Teknologi Geolokasi Real Time Mudahkan Perbaikan Masalah di Kereta Api

0
jalur kereta api (cnbc.com)

Hingga saat ini kereta api masih menjadi moda transportasi favorit yang digunakan oleh masyarakat. Bahkan kereta menjadi bagian penting dari ekonomi global di mana selain mengangkut penumpang juga kargo yang melintasi kota ataupun perbatasan nasional serta internasional.

Baca juga: Refund Tiket Kereta di India, Bisa Dilacak Real Time dan Hanya Butuh Proses 5 Hari

Dilansir KabarPenumpang.com dari cnbc.com (16/11/2020), karena hal ini, maka ketika kereta api mengalami penundaan dapat melumpuhkan perjalanan sehingga membuat penumpang frustasi dan bisnis yang dijalankan terhambat. Seiring dengan berkembangnya teknologi, mereka yang bertanggung jawab dalam pengoperasian kereta api mencoba untuk mengintegrasikan teknologi baru ke dalam sistem untuk menemukan dan memperbaiki masalah dengan cepat.

Untuk hal ini kemudian SNCF Reseau yang mengelola infrastruktur perkeretaapian Prancis dan Capgemini mengumumkan kemitraan mereka.

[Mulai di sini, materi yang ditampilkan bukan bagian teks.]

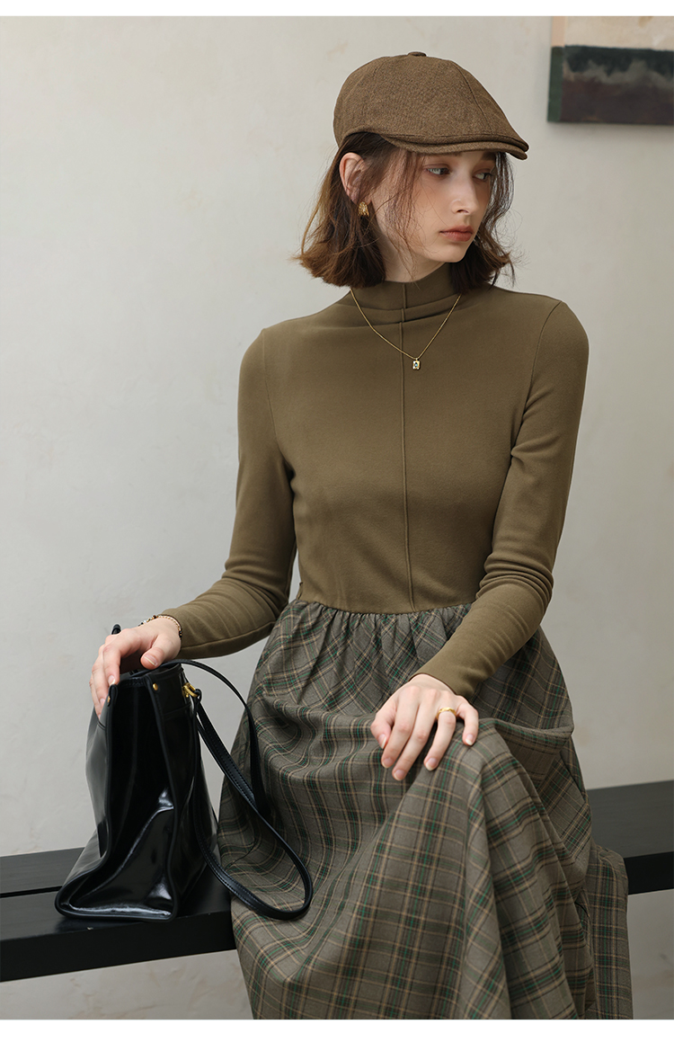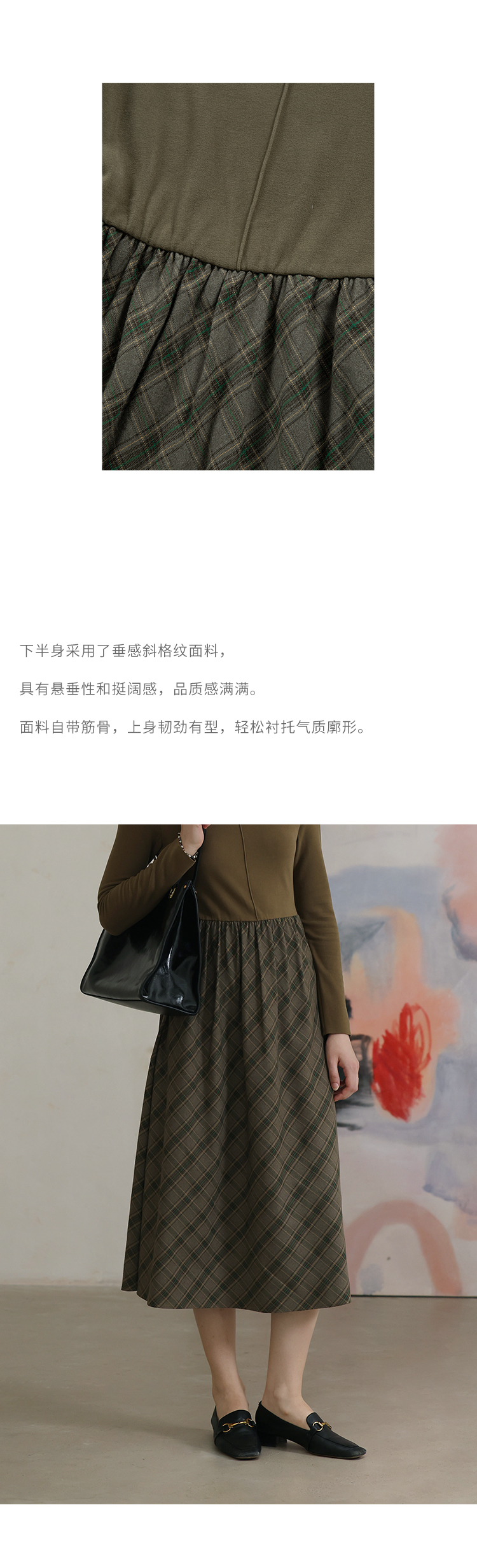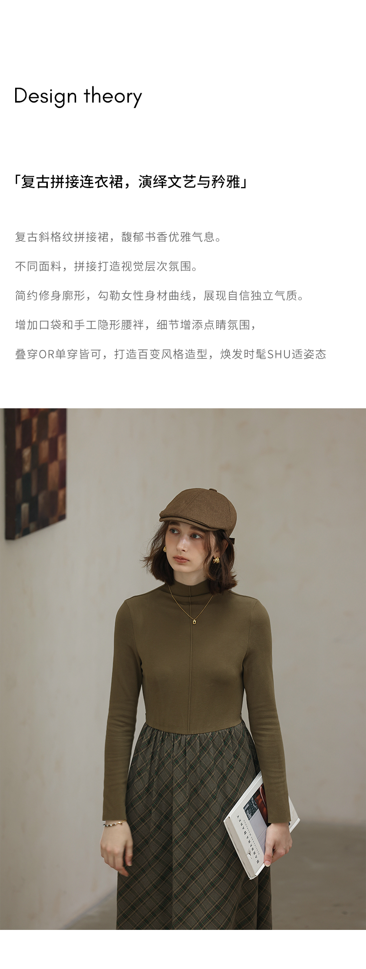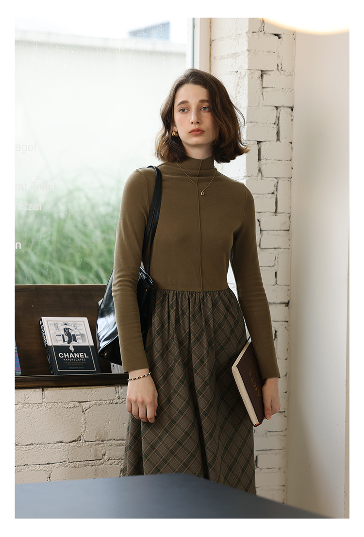 HeyDress法式高领连衣裙女秋冬复古拼接设计收腰修身显瘦气质裙子

Di mana keduanya menerapkan teknologi baru untuk meningkatkan cara penyelesaian masalah di jaringan agar dipantau dan diselesaikan.

Ide ini akan menggunakan teknologi geolokasi yang menunjukkan masalah di jalur kereta api secara real time. Dengan sistem ini memungkinkan tim di SNCF Reseau untuk melokalkan insiden pada peta yang menampilkan infrastruktur dan memandu pekerja ke tempat yang tepat untuk memperbaiki masalah.

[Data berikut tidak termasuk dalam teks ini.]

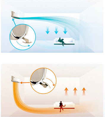 “别着急嘛”,我缓缓说道:“格力冷净风健康款空调方面还有一个人性化设计我没说呢!这款空调会及时提醒何时更换滤网,这就避免了二次污染。至于你关心的送风效果,你别看图片里的空调精致小巧,它可是采用了格力自主研发的衡温立体送风技术,能对吹出的气流根据不同模式进行导向:制热时,它的热风向下吹出,实现‘地毯式送暖’,温暖自下而上;到了夏天制冷时,它又会让冷风向上吹出,达到‘沐浴式制冷’的效果,实现温场均衡。”

Kemudian staf lapangan dapat bekerja sama dengan kolega mereka dan memberikan pembaruan tentang masalah tersebut serta penjelasan kapan akan diselesaikan. Menurut Capgemini, SNCF Réseau telah menggunakan teknologi tersebut di wilayah Auvergne Rhône-Alpes sejak musim panas.

Idenya adalah untuk sistem, yang dijuluki “Pengawasan Generasi Baru”, yang akan diluncurkan ke bagian lain negara itu pada tahun 2021 dan 2022. Olivier Bancel, wakil direktur produksi umum di SNCF Réseau, menjelaskan bahwa penerapan sistem akan “memungkinkan untuk meningkatkan tidak hanya penanganan insiden, dan oleh karena itu keteraturan lalu lintas, tetapi juga informasi penumpang”.

“Secara keseluruhan, kami akan beralih dari pemeliharaan yang sangat sistematis ke pemeliharaan yang lebih mendekati kebutuhan, lebih tepat dan dalam waktu nyata: pemeliharaan jaringan pada waktu dan tempat yang tepat,” kata Oliver.

Prancis ternyata bukan satu-satunya negara yang melakukan upaya peningkatan kinerja transportasi kereta api yang menggunakan teknologi. Pemerintah Inggris mengumumkan £350 juta, pendanaan untuk sistem persinyalan kereta api digital dalam upaya untuk mengurangi penundaan dan meningkatkan infrastruktur yang sudah tua.

Di bawah rencana tersebut, sinyal tradisional di bentangan Jalur Utama Pantai Timur akan digantikan oleh sistem digital, memungkinkan staf untuk melihat lokasi kereta secara tepat selama perjalanannya. Dalam sebuah pernyataan, Departemen Perhubungan mengatakan bahwa pensinyalan “pintar” yang baru akan mengenali berbagai jenis kereta, “memungkinkan kereta api dan jalur untuk berbicara satu sama lain terus menerus dalam waktu nyata.”

“Sistem ‘dalam kabin’ ini berarti mengakhiri persinyalan konvensional di sisi rel pertama kali digunakan di era Victoria,” ujar depertemen perhubungan.

Baca juga: Gandeng Huawei, Saudi Railway Company Siap Hadirkan Jaringan Kereta Api Pintar

Selain itu, perusahaan kereta api yang digunakan juga mulai berubah dengan teknologi sel bahan bakar hidrogen menawarkan sekilas gambaran menarik tentang bagaimana perjalanan kereta api tahun-tahun mendatang dapat diberdayakan.